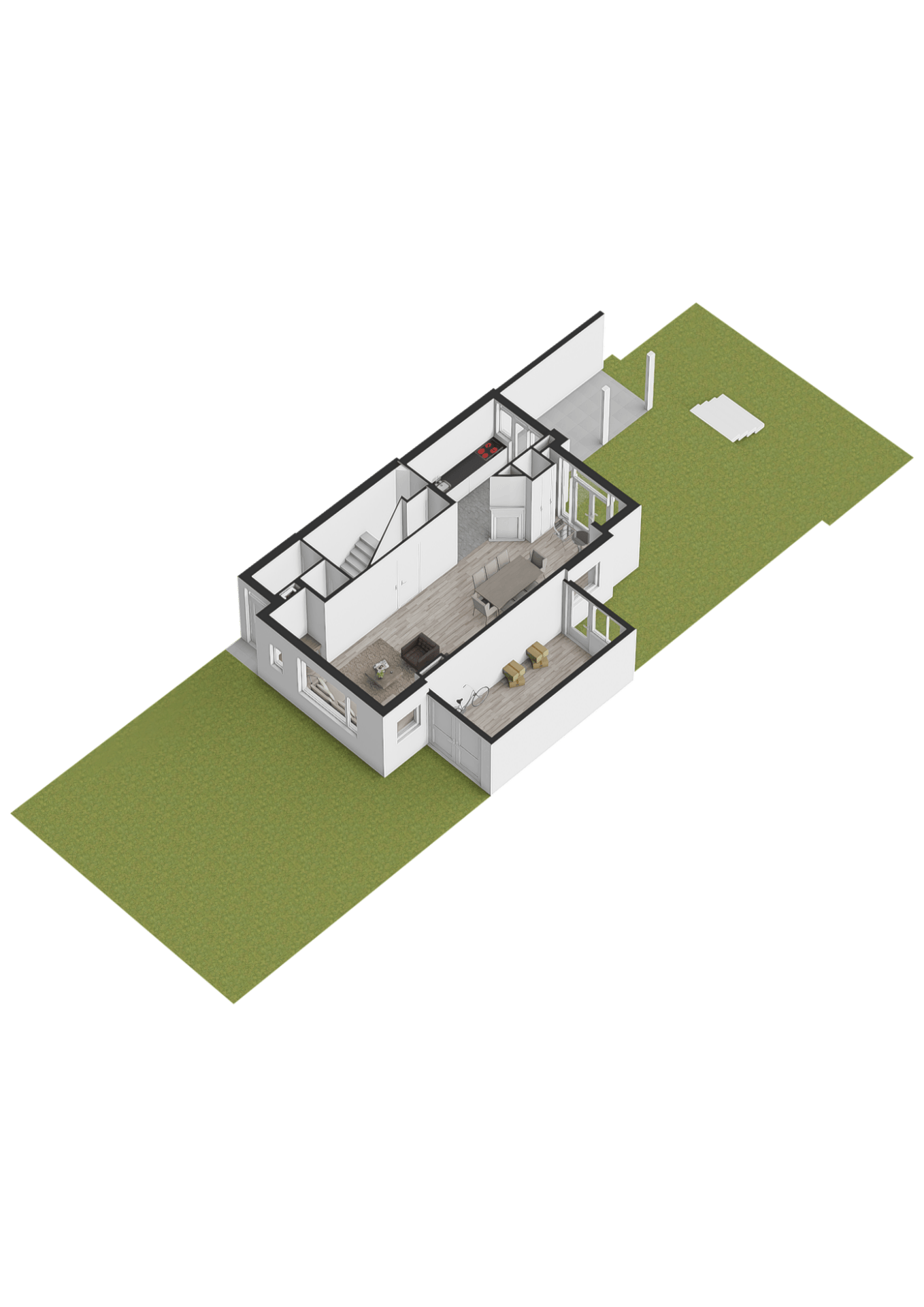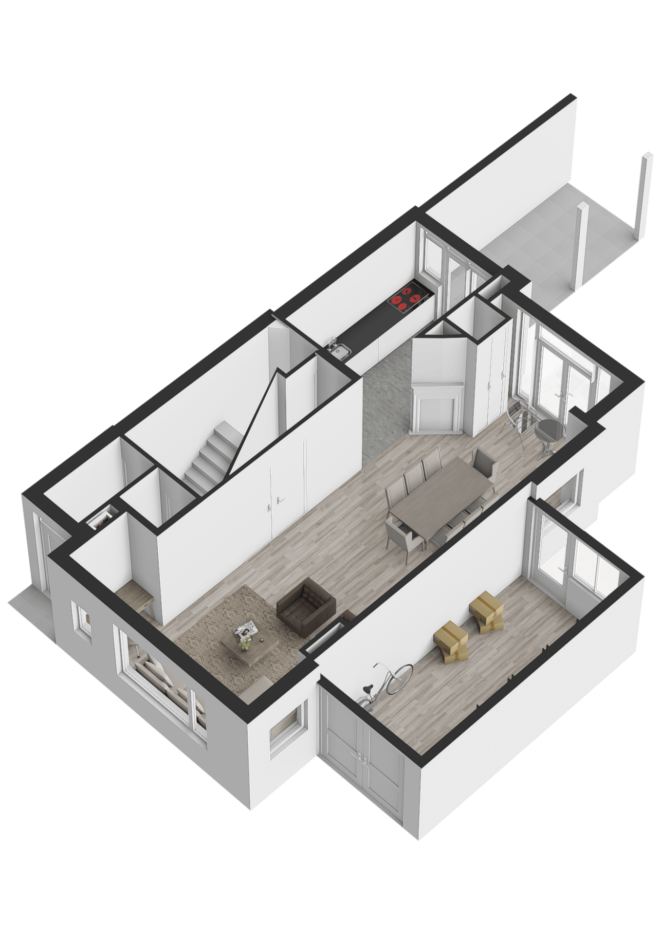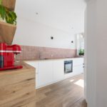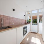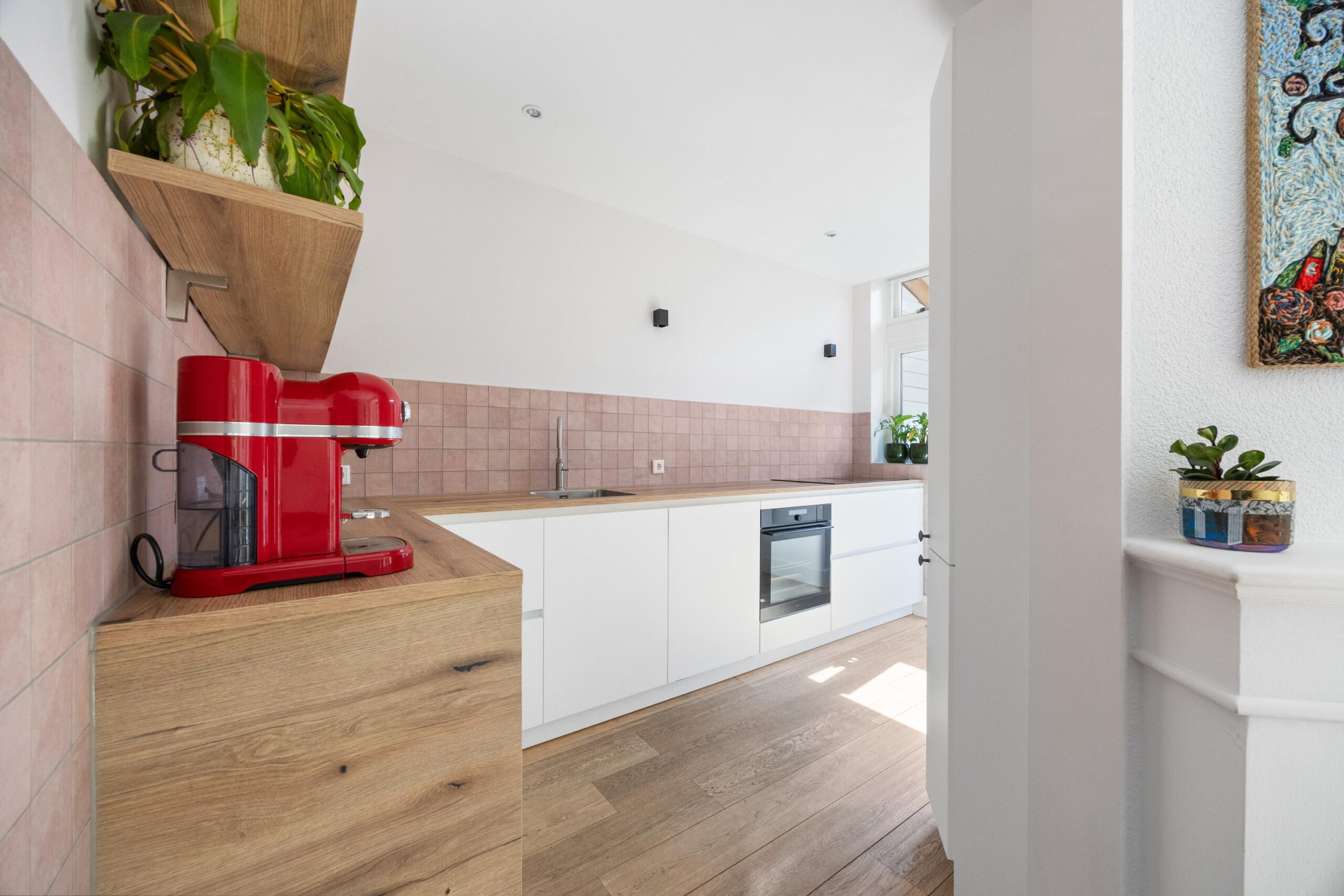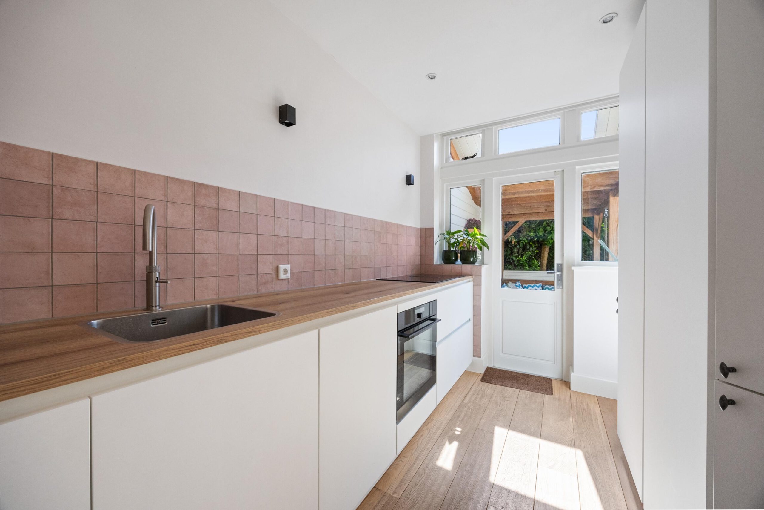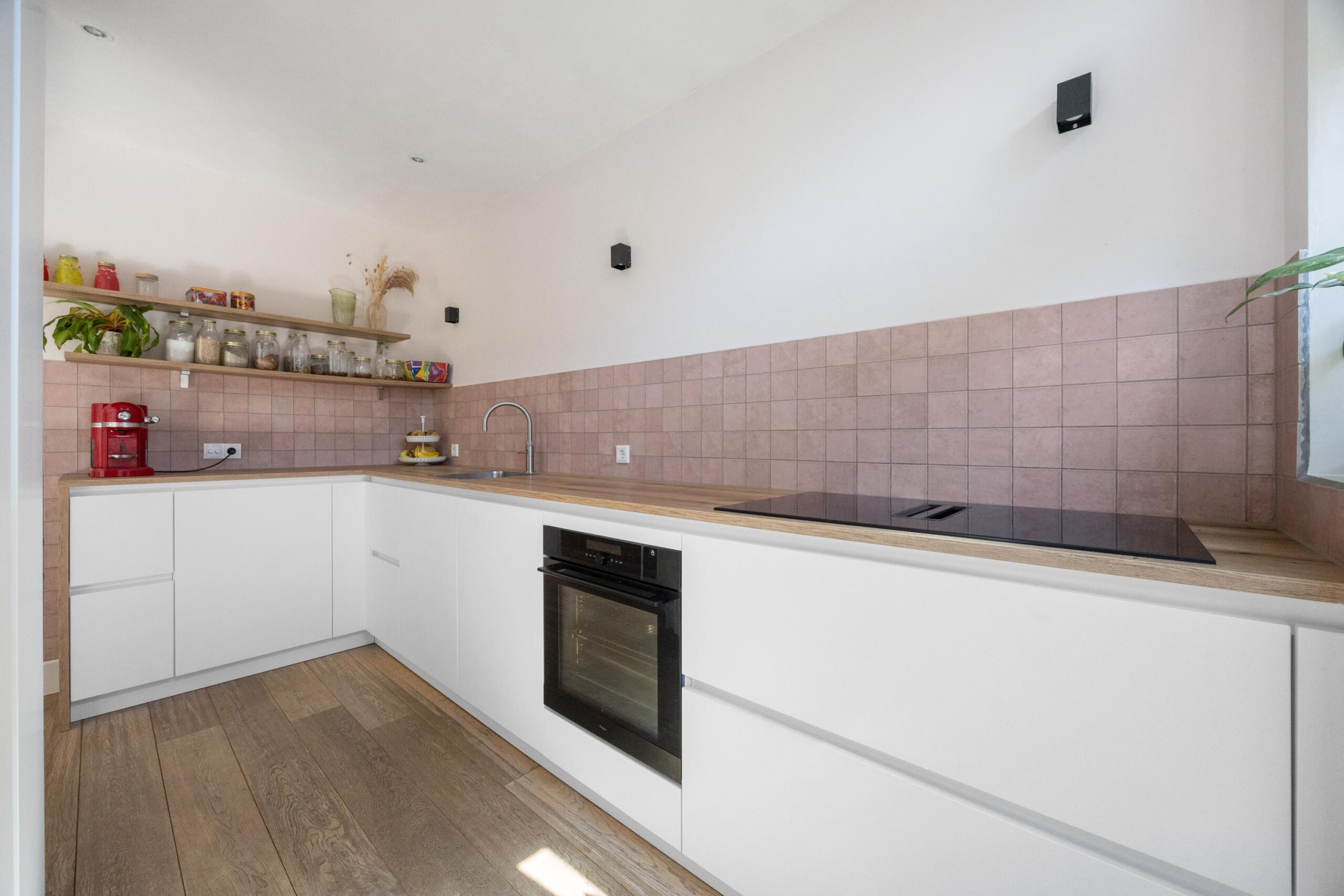 De ruim opgezette hoekkeuken bevindt zich eveneens aan de achterzijde en is van alle gemakken voorzien. Dankzij de open indeling en directe toegang tot de overkapping in de tuin is dit een ideale plek voor wie houdt van koken én het buitenleven. Onder de overkapping geniet je beschut van het buitenzijn.
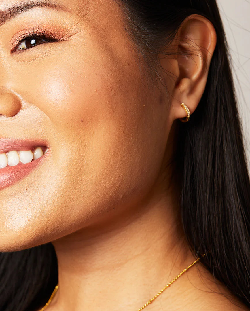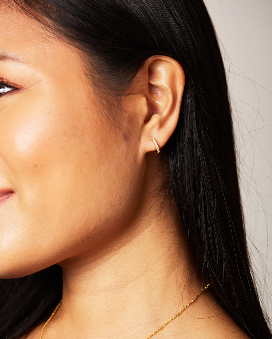 A signature balance of structure and sparkle. The Cecilia Huggies are part of our Iconic Collection—defined by sculptural clarity and subtle glamour. Hand-set with rows of brilliant crystals, these gold earrings hug the ear with just enough shine to elevate your everyday or layer seamlessly into a curated ear stack.
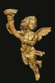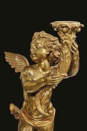 coppia di grandi sculture in bronzo dorato raffiguranti angeli in volo, entrambe le braccia sollevate a reggere una torcera sagomata a cornucopia, il bacino coperto da un panno svolazzante, le ali spiegate finemente cesellate a rendere le piume; cm
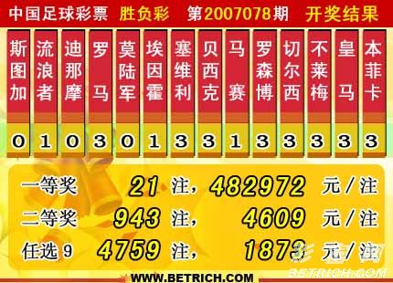 ���� �й������Ʊʤ���ʵ�07078����ѡ9������������һ�Ƚ�4759ע��ÿע����1873Ԫ����������13931818Ԫ��

*Description of the task*
Everything in the material goes into the copy exactly, except the images.

*Result*
 De ruim opgezette hoekkeuken bevindt zich eveneens aan de achterzijde en is van alle gemakken voorzien. Dankzij de open indeling en directe toegang tot de overkapping in de tuin is dit een ideale plek voor wie houdt van koken én het buitenleven. Onder de overkapping geniet je beschut van het buitenzijn.
 A signature balance of structure and sparkle. The Cecilia Huggies are part of our Iconic Collection—defined by sculptural clarity and subtle glamour. Hand-set with rows of brilliant crystals, these gold earrings hug the ear with just enough shine to elevate your everyday or layer seamlessly into a curated ear stack.
 coppia di grandi sculture in bronzo dorato raffiguranti angeli in volo, entrambe le braccia sollevate a reggere una torcera sagomata a cornucopia, il bacino coperto da un panno svolazzante, le ali spiegate finemente cesellate a rendere le piume; cm
 ���� �й������Ʊʤ���ʵ�07078����ѡ9������������һ�Ƚ�4759ע��ÿע����1873Ԫ����������13931818Ԫ��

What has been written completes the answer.